Shannon76
Junior Member
- Joined
- Aug 15, 2017
- Posts
- 14
- Reaction score
- 12
- Location
- Georgia
- First Name
- Shannon
- Truck Year
- 1990
- Truck Model
- 1500
- Engine Size
- 5.7
Hello all and thanks in advance for allowing me on the forum. I am trying to help an elderly widowed lady with her late husbands farm truck and I have hit a brick wall. The truck is all factory with only 28,000 miles.
It's a 1990 C1500. It does not have any spark or fuel when spinning over. It sits a lot and my first thought was that a rodent had chewed a wire into but I have not found any wiring issues so far.

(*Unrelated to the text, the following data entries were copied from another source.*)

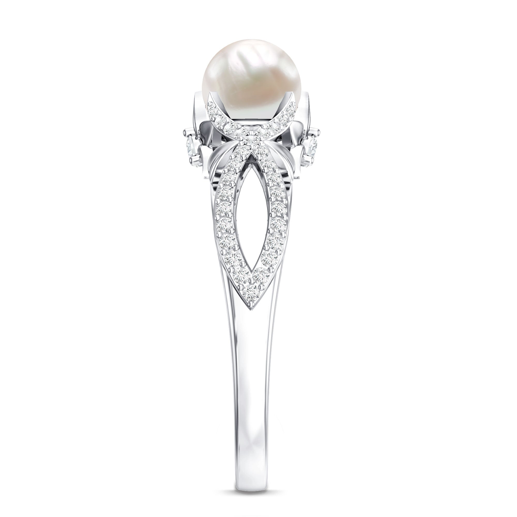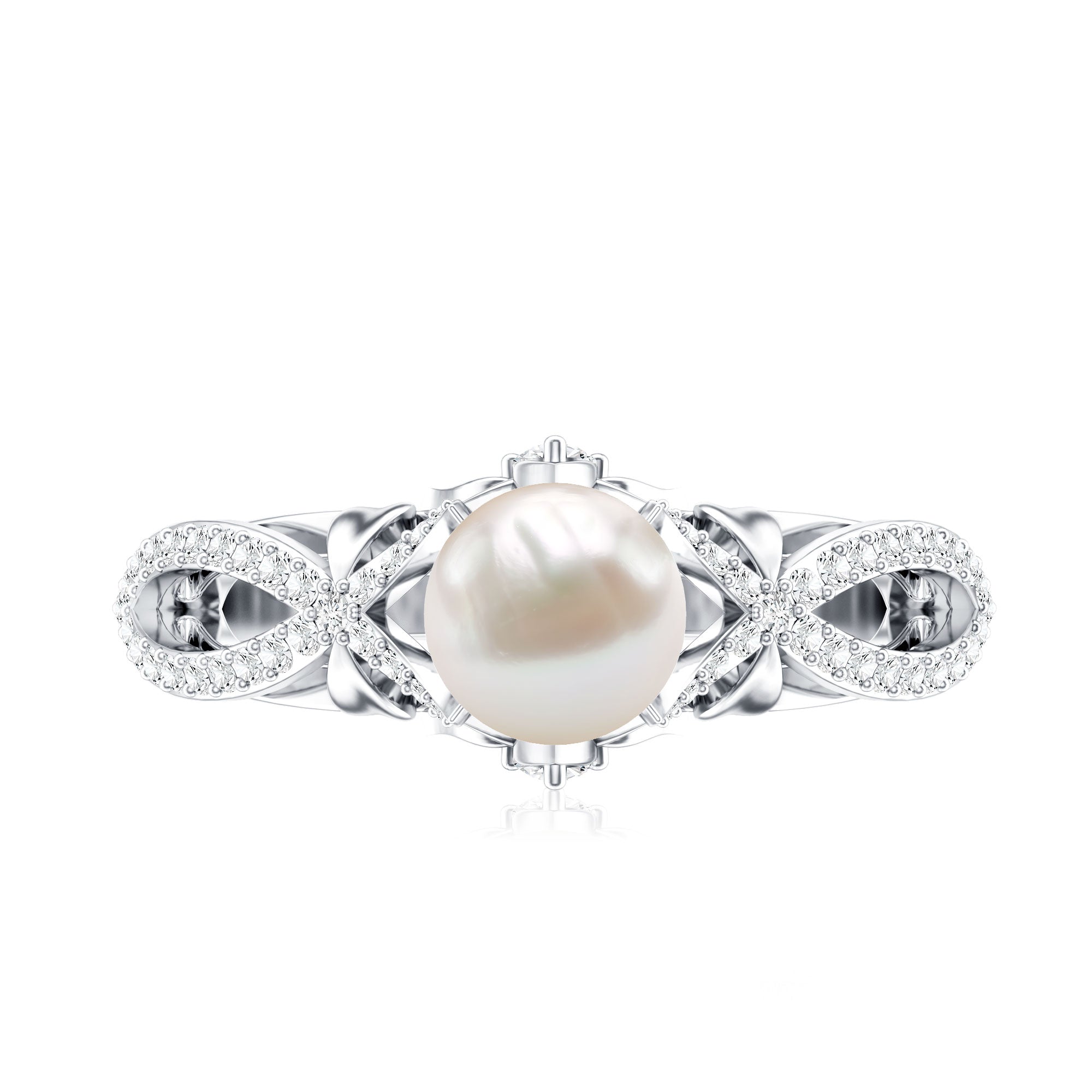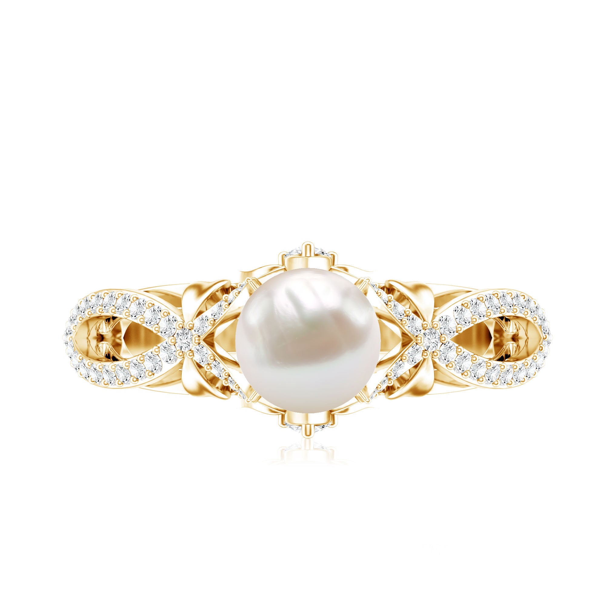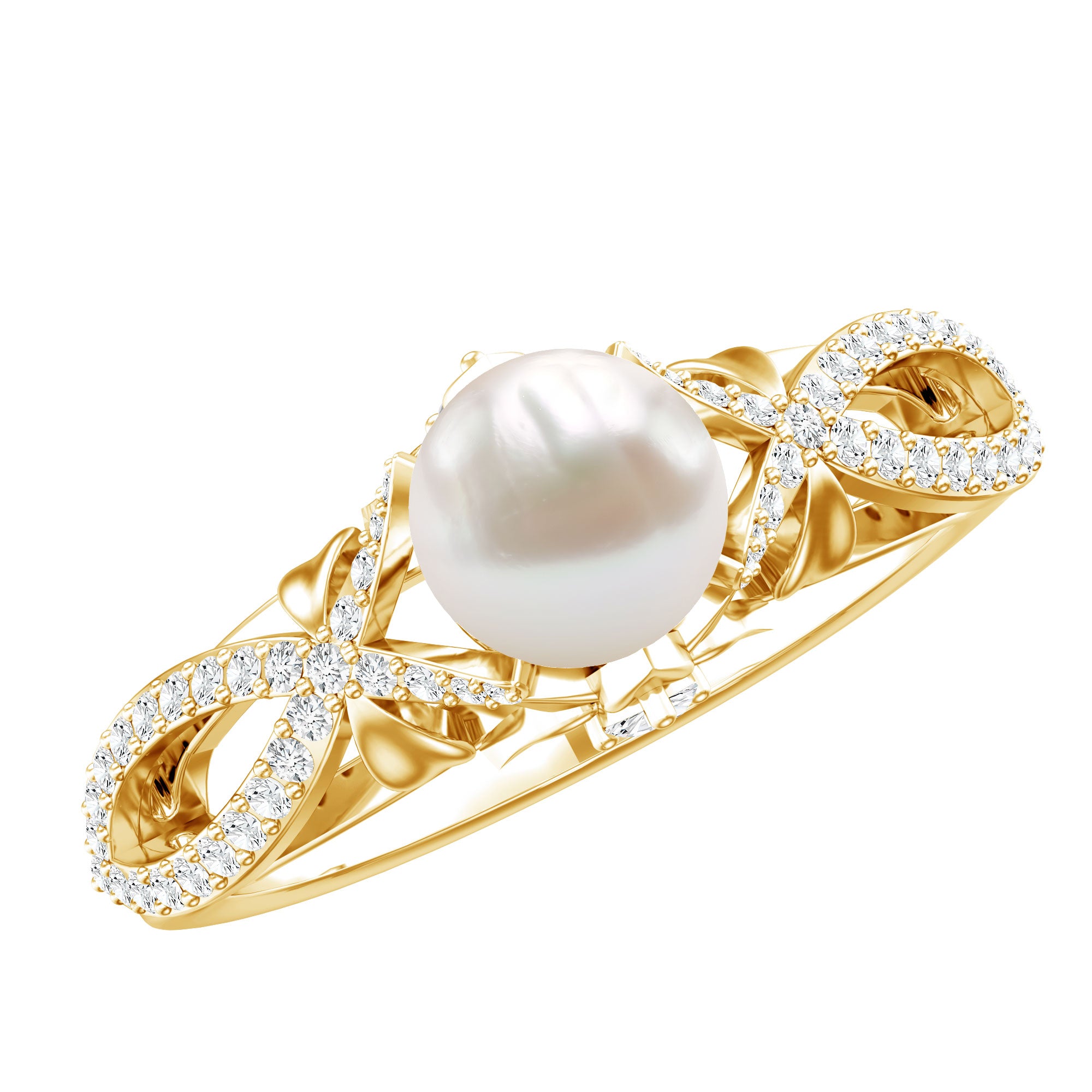 Freshwater Pearl Crossover Rings: - A freshwater pearl diamond rings designed in yellow gold or white gold, uplifts its timeless charm. The crisscross shank is elaborated with small glistening diamonds, set in a shared prong setting.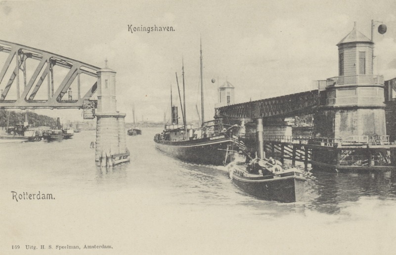 Rotterdam 1890, de Koningshaven met een N.A.S.M. stoomschip en Poortgebouw. Olieverf op doek. Doekmaat 52,7 x 65 cm. In goede conditie. Herkomst; Particuliere collectie Utrecht. Prijs op aanvraag, 0628381883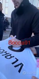 modello away Dusan Vlahovic e autografata. La maglia nuova ed è un pezzo da collezione per i tifosi della Juventus.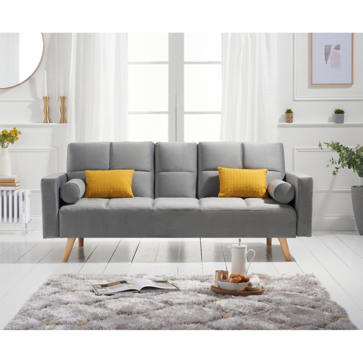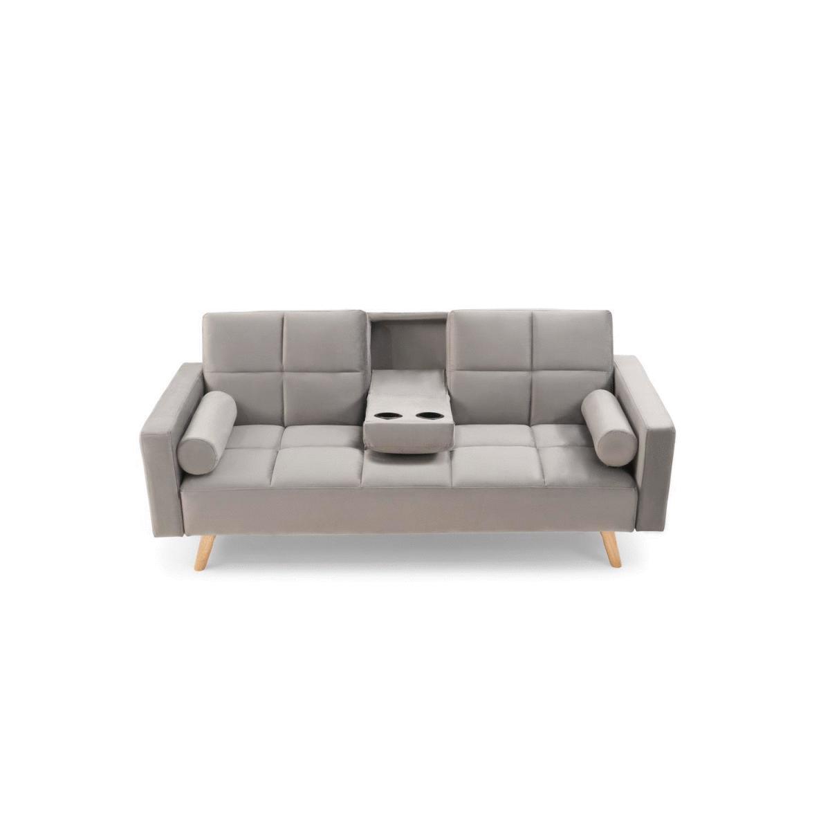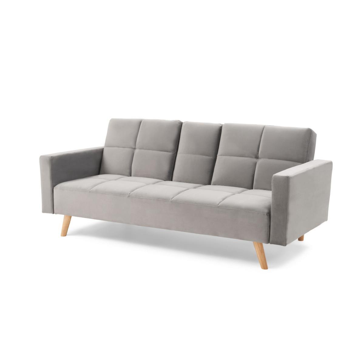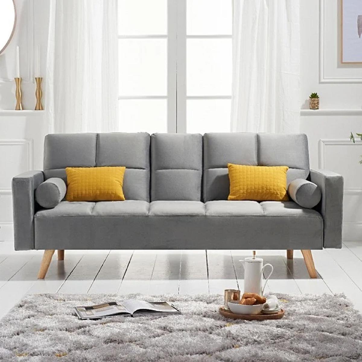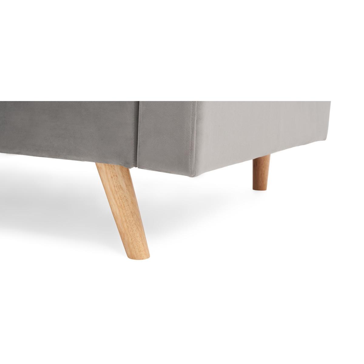 Seasons pass and trends come and go, but the styling of the Etta sofa is timeless. An exciting contemporary shape combines traditional upholstery, tufted seats and bolster cushions for extra comfort - whether as a sofa or a bed. Finished with iconic Chesterfield style buttoning that adds visual softness drawing your attention to the gorgeous fabric. Traditional quality upholstery with Chesterfield style buttoning. Stylishly inclined Oak legs. Comfortably seats three or sleeps two. Choose from classic velvet in blue, grey or green or modern grey linen. Just assemble the legs and your sofa is ready!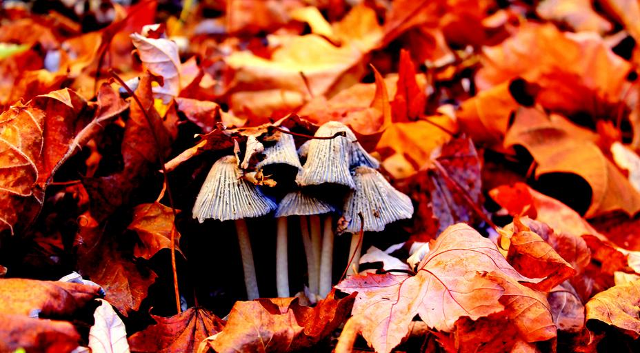 Keywords: mushroom leaves autumn golden vibrant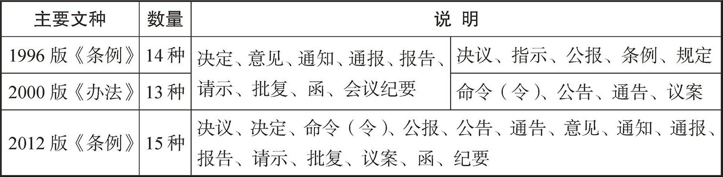 1996版《条例》、2000版《办法》、2012版《条例》分别对党的机关公文文种、国家行政机关公文文种和党政机关公文文种进行了界定。如表1-3所示:

Here is a run down of what I have done or confirmed to this point.
1) battery is fully charged and engine is turning over quickly
2) no spark at plug or distributor coil using plug test light
3) no fuel spray in intake when turning over
4) noticed check engine light stayed on with key switch turned on
5) did the A,B jumper at diagnostic port and the only code I got was 12 but the check engine light went out and has since stayed out.
6) I have confirmed there is gas in the fuel tank and I can here the fuel pump cycle when the key switch is turned on.
7) I have not actually checked fuel delivery or pressure to the throttle body at this point. I do not have a gauge and aside from cracking a line open and watching for spray when the switch is turned on (which I don't want to do for safety reasons) I can't think of another way to check supply. I would appreciate any suggestions!!
8) I have replaced the ignition control module, distributor cap, rotor button and ignition coil
9) I have verified power on the 10Ga pink wire at the ignition coil and power on the small pink wire at the ignition coil while the key was both in the run and start positions.
10) When inspecting the distributor it was very corroded inside and the rotary button was a pain to get off. I cleaned it up fairly well and tried testing the pick up coil with an ohm meter with the only test procedures I could find online which were
a) confirmed there was no short from either wire to the body of the distributor
b) checked resistance through the pick up coil by taking a reading across both wire ends. The reading was around 780 ohms. I have read that anything from 500 to 1500 is acceptable. ????
I am going to go ahead and install a new distributor assembly with new pick up coil since this one was so corroded and rusty but I have a feeling that is not going to fix it. Is there anything here that confirms the ECM is good or bad and is there anything I am overlooking. Any way I can test the ECM?? At this point I would have been better off to take it to a shop for her but now it has become personal and I am determined to figure this out. I have seen a lot of top notch feedback from Jims86 and other guys on this subject and I'm hoping y'all can help me get her running. Any help is greatly appreciated!!
It's a 1990 C1500. It does not have any spark or fuel when spinning over. It sits a lot and my first thought was that a rodent had chewed a wire into but I have not found any wiring issues so far. Here is a run down of what I have done or confirmed to this point.
1) battery is fully charged and engine is turning over quickly
2) no spark at plug or distributor coil using plug test light
3) no fuel spray in intake when turning over
4) noticed check engine light stayed on with key switch turned on
5) did the A,B jumper at diagnostic port and the only code I got was 12 but the check engine light went out and has since stayed out.
6) I have confirmed there is gas in the fuel tank and I can here the fuel pump cycle when the key switch is turned on.
7) I have not actually checked fuel delivery or pressure to the throttle body at this point. I do not have a gauge and aside from cracking a line open and watching for spray when the switch is turned on (which I don't want to do for safety reasons) I can't think of another way to check supply. I would appreciate any suggestions!!
8) I have replaced the ignition control module, distributor cap, rotor button and ignition coil
9) I have verified power on the 10Ga pink wire at the ignition coil and power on the small pink wire at the ignition coil while the key was both in the run and start positions.
10) When inspecting the distributor it was very corroded inside and the rotary button was a pain to get off. I cleaned it up fairly well and tried testing the pick up coil with an ohm meter with the only test procedures I could find online which were
a) confirmed there was no short from either wire to the body of the distributor
b) checked resistance through the pick up coil by taking a reading across both wire ends. The reading was around 780 ohms. I have read that anything from 500 to 1500 is acceptable. ????
I am going to go ahead and install a new distributor assembly with new pick up coil since this one was so corroded and rusty but I have a feeling that is not going to fix it. Is there anything here that confirms the ECM is good or bad and is there anything I am overlooking. Any way I can test the ECM?? At this point I would have been better off to take it to a shop for her but now it has become personal and I am determined to figure this out. I have seen a lot of top notch feedback from Jims86 and other guys on this subject and I'm hoping y'all can help me get her running. Any help is greatly appreciated!!